Expertas aducen que el Estado no mitiga la situación adecuadamente
CLARIDAD
Luego de que venció el decreto de Estado de Emergencia, en diciembre del año pasado, a causa de la violencia de género de Puerto Rico, los recursos necesarios para mitigar la problemática han mermado. Con menos fondos, comités de trabajo, continuidad de proyectos y una creciente desconfianza en la ciudadanía, la crisis atraviesa una etapa alarmante, de acuerdo con dos fuentes consultadas por CLARIDAD.
A juicio de Coraly León Morales, presidenta de la Red Nacional de Albergues de Violencia de Género en Puerto Rico, estos desfases en los esfuerzos se deben, en parte, al cambio de gobierno entre la administración de Pedro Pierluisi Urrutia y la de la gobernadora Jenniffer González Colón. En esa transición, sostuvo, las estructuras de apoyo existentes fueron cambiadas por otras.
“Nosotras llevamos alzando la voz de alerta desde principios de año porque sabemos que cuando se dejan de implementar estrategias importantes para la atención de la emergencia de violencia de género en el país, ocurre lo que está pasando. La violencia contra las mujeres aumenta y, en este caso, los feminicidios aumentan”, expresó León Morales vía telefónica.

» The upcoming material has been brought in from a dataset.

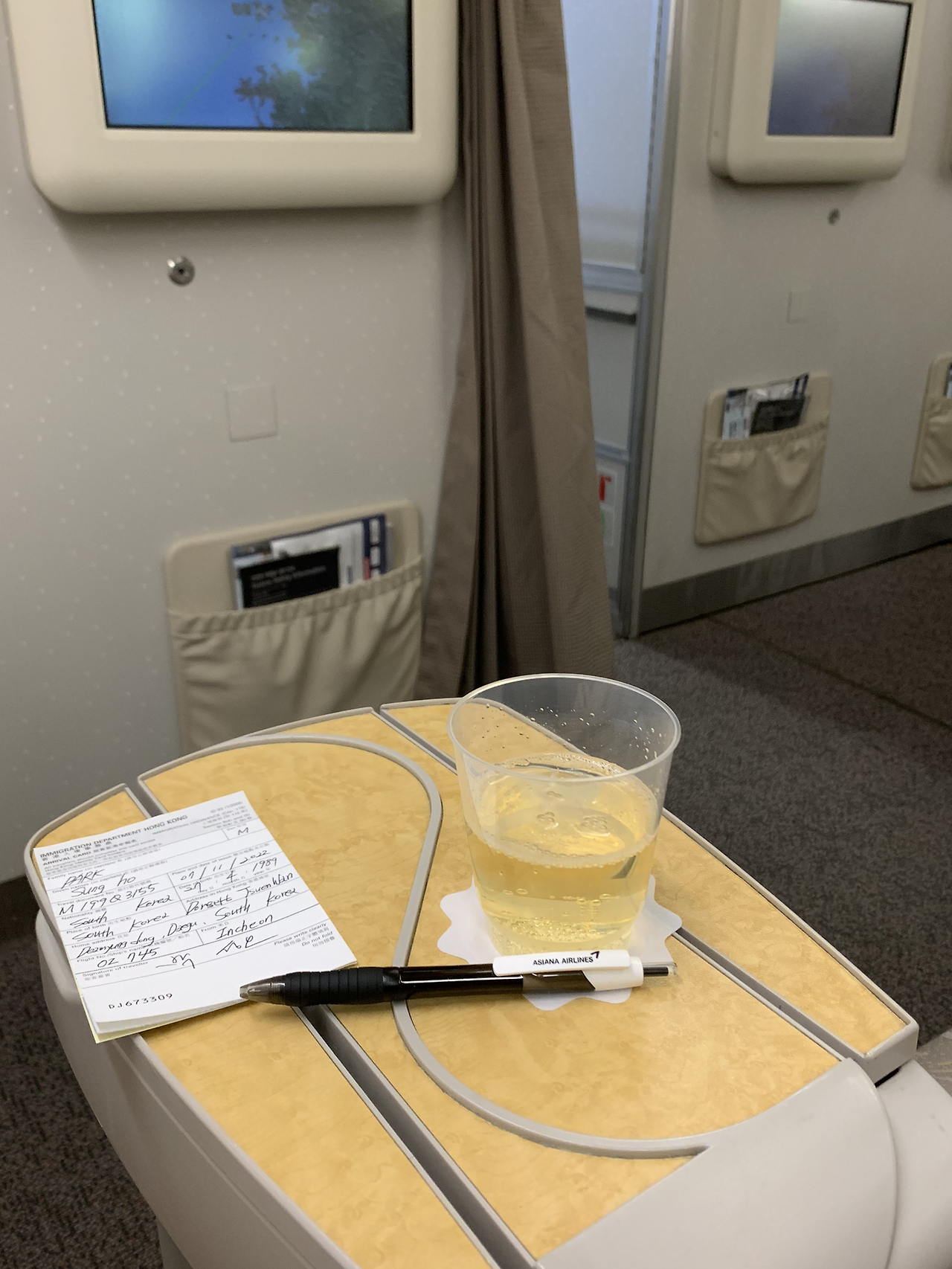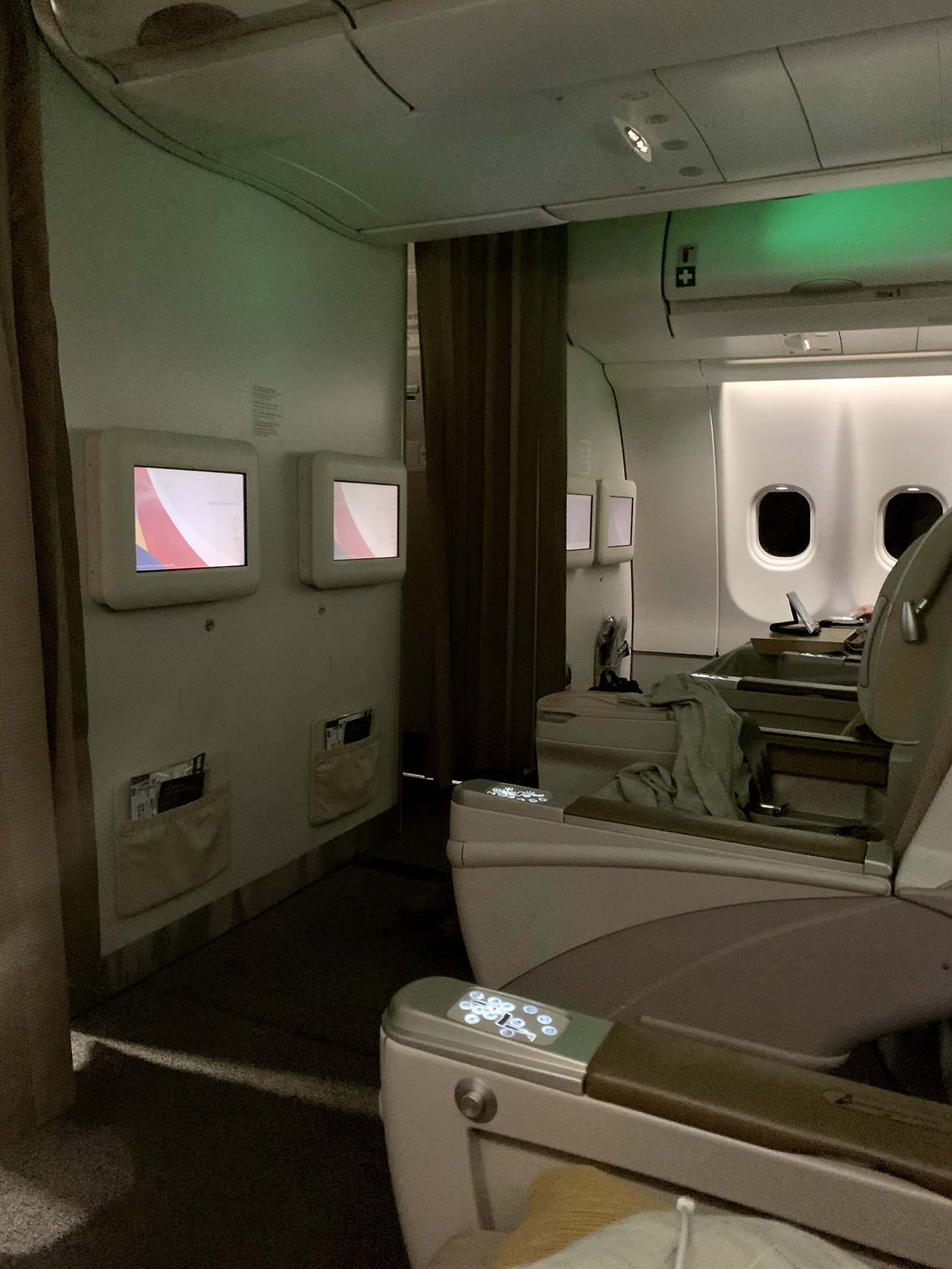 1A좌석에 착석을 했답니다. 체크인 시에 옆자리가 비었는지 물었는데 아직 체크인을 다 진행한 게 아니라 알 수 없다는 답변을 들었는데 다행히도 옆자리는 비었었네요.
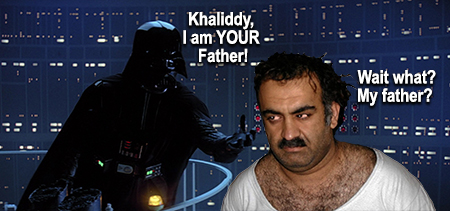 I'm not gonna lie when James Earl James passed away I could not pass up this opportunity to use our boy in this week's KSM spoof. Poor Sheiky, he can't win with me. Why do I have to be so hurtful to Khaliddy? Oh you know. Fodder for his weekly column in the GITMO GAZETTE. "WHO'S MY DADDY?"

A menos de medio año para que acabe el 2025, las estadísticas de la Oficina de la Procuradora de las Mujeres (OPM) reportan unos 14 feminicidios íntimos, mientras que el Observatorio de Equidad de Género de Puerto Rico registró, de enero a junio, 29 casos de violencia de género que acabaron con la vida de un cuerpo feminizado.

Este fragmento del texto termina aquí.